Fortunately, the choice shouldn’t be very difficult thanks to Huawei’s latest mobile advancement: GPU Turbo.

What’s GPU Turbo all about?

GPU Turbo processing technology aims to enhance the gaming experience across Huawei’s smartphones. Executives promise that the tech will boost gaming performance while maintaining the phone’s efficiency. This means you can play games on your smartphone without sacrificing much — like battery life, for example.

The technology looks at the graphical capabilities of your phone and adjusts it accordingly, especially for gaming. With GPU Turbo, technologies such as 4D gaming and both augmented and virtual reality (AR and VR) are taken care of.
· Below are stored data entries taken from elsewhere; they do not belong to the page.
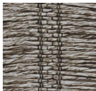
PE603-60w Tranquil Grey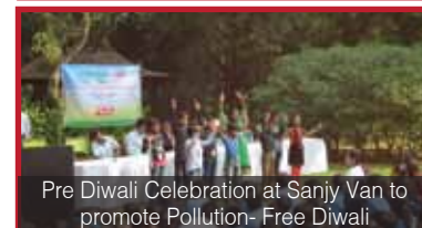
Pre Diwali Celebration at Sanjy Van to promote Pollution- Free Diwali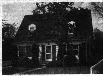
Near Quanton School

A charming home . . . nearly in the shadow of Quanton School . . . a third of an acre of land, beautifully landscaped . . . spotless condition . . . carpeting, aluminum storms and screens included . . . ready to move into without expense . . . this is the home you should see today!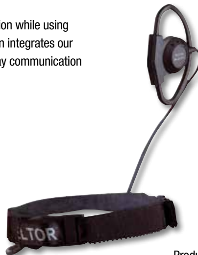
MT Series Headset, Throatmic/Earpiece Product Number: MT9HTM05

Refer to page 8 for list of radio models.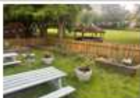
The Garden Before Enrichment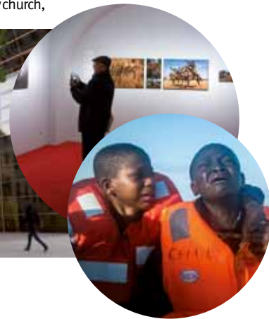
© SANITI PALACIOS. 'LEFT ALONE'. SECOND PRIZE IN GENERAL NEWS

CCCB hosts World Press Photo until June 5.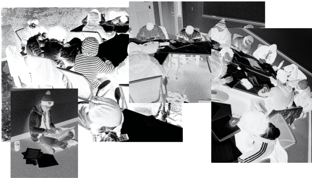
Figure 1. English 101-SL students hard at work writing an in-class essay during the Winter 2014 quarter

This thesis is divided into five chapters. Chapter 2 is a review of literature. Chapter 3 is a presentation of the research methodology. Chapter 4 is the data analysis and reflection. Chapter 5 is the conclusion.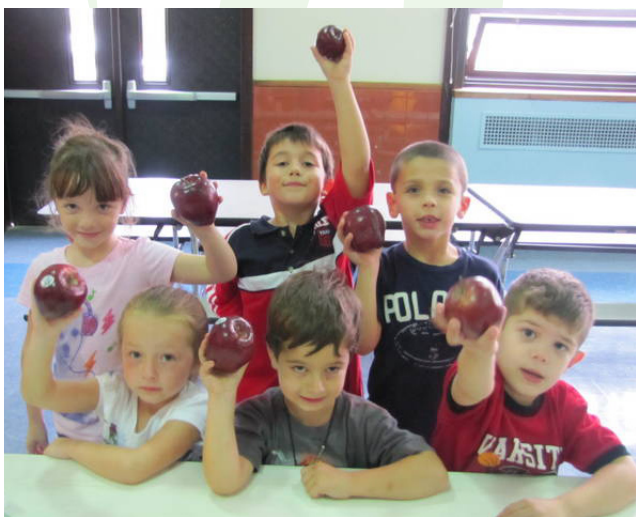
Many classes celebrated Johnny Appleseed's Birthday in September. In this photo, Kindergardeners show off their apples!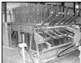
Taylor Auto. 8 1/2' 40 Section Clamp Carrier (Late)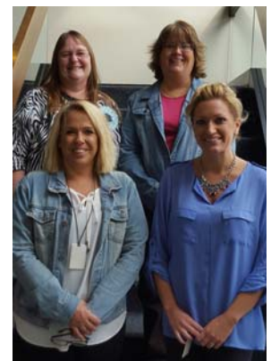
MTRMA Underwriting Team

MTRMA PO Box 1217 Danville, IL 61834-1217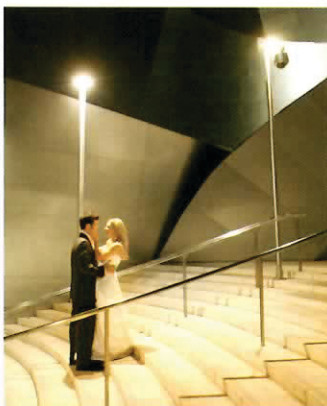
At the end of the night, the bride and groom slipped away for some quiet, enveloped by the dramatically lit building.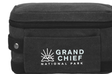
7950-09 Field & Co. Woodland Pouch As Low As: $12.70 [C]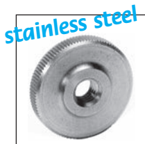
Low version EMS-B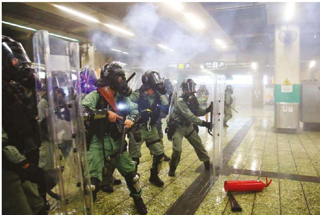
Police fire teargas in the MTR station at Kwai Fong on 11 August, 2019, Hong Kong.

THE USE OF SPRAYS WAS CLEARLY UNNECESSARY AND DISPROPORTIONATE AS THE MAN POSED NO THREAT AND IN FACT BEHAVED PASSIVELY THROUGH THE WHOLE ORDEAL.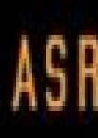
ASR indicator light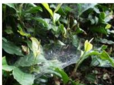
Spider's web among the tea trees on the organic tea farm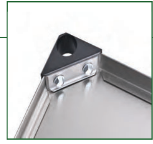
Die-cast corners with heavy-duty bolt construction.

Stainless steel posts available in 63", 74" and 86" lengths in both stationary and mobile options (see page 7).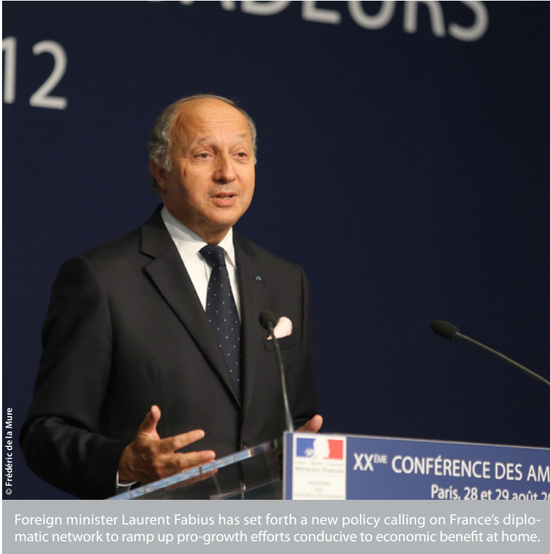
Foreign minister Laurent Fabius has set forth a new policy calling on France's diplomatic network to ramp up pro-growth efforts conducive to economic benefit at home.

Following a busy summer that included national elections, chairmanship of the U.N. Security Council and continued support of the Syrian people, France has now named a new top priority: “economic diplomacy.”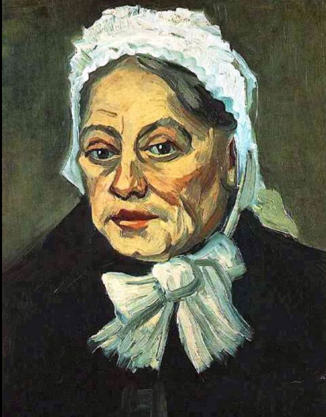
The Midwife Vincent van Gogh Van Gogh Museum Amsterdam, Netherlands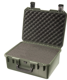
iM2450-X0001 With Foam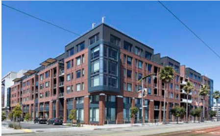
Mission Bay Block 2 & 3 San Francisco, CA

“Because you are a licensed geotechnical engineer, I can always count on your honest feedback and discussion regarding foundation solutions. With Farrell, we get a well-engineered solution that is reliable, appropriate, and will ultimately save our client time and money.”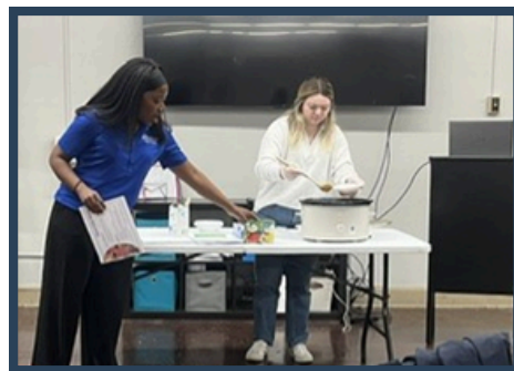
Photo: Dining with Diabetes

Family and Consumer Sciences programming stayed active this quarter, with a strong focus on nutrition, food safety, and overall wellness. In January, an ACES program with Mending Hearts explored how early life experiences impact brain development and long-term health. Dining with Diabetes was offered at multiple locations, reaching participants through hands-on lessons covering topics like carbohydrates, sodium, and disease management, along with recipe tastings and practical tools they can use at home. Nutrition education also extended to youth through a partnership with Woodmont Hills Church of Christ, where participants learned about healthy food choices and prepared simple recipes like smoothies.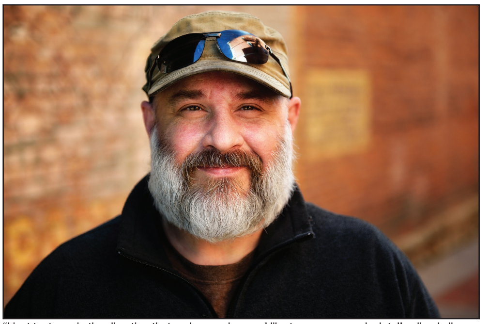
"I just try to go in the direction that makes me happy. I like to move around a lot. I've lived all over, meeting different people and seeing how they live. This is the smallest town I've moved to, though I seem to be moving in that direction. It's been real relaxed, a cool little town. The people have been super nice."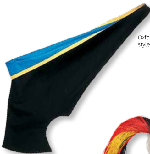
Oxford burgon style hood

The University of South Australia is no exception. In 1991, the University acknowledged the academic dress of its predecessor institutions and then in February 1992, the University's academic dress was determined by the Council and the first graduation ceremonies wearing the new University of South Australia academic dress occurred during April 1992. It is interesting to note that the hood chosen is of Oxford Burgon style while the gown is of the Cambridge style, an interesting link with two of the greatest European universities of the Middle Ages.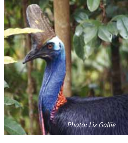
It has been estimated that as few as 1,000 wild Cassowaries remain in Australia

Cassowaries are often seen around our Baralba Corridor Nature Refuge. If you would like to visit, directions can be found on our Self-Drive Tour on our website, at www.rainforestrescue.org.au/ourprojects/ daintree-self-drive-tour.html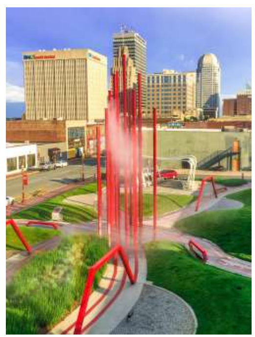
Artivity on the Green

Stitch Design Shop worked with AFAS (Art For Art's Sake) to develop the park which was dedicated May 9, 2015.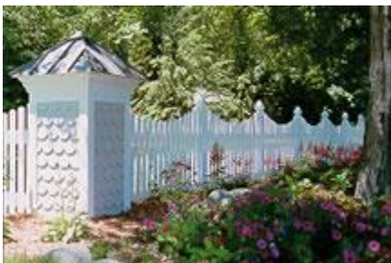
Concave picket fence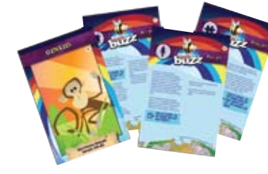
Bible Buzz Cards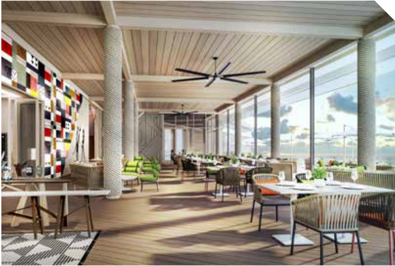
LEFT: Hard Rock Hotel Maldives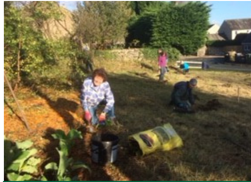
Cllr Sue getting stuck in with planting flowers and seeds on the Village Green

"It is good to see these areas being filled with wildflowers and fruit trees."

Huawei believes that GPU Turbo will boost graphical performance by 60 percent, and can make even budget phones play graphically intensive games.

Apart from boosting visual performance, GPU Turbo also enables smartphones to maximize efficiency. One common problem across all smartphones is that the battery depletes relatively fast while you’re gaming. Partner that with a non-effective cooling solution within the phone, and it’s basically device overkill when playing games. What GPU Turbo does is extend your phone’s battery life by 30 percent and keep your device relatively cool while playing.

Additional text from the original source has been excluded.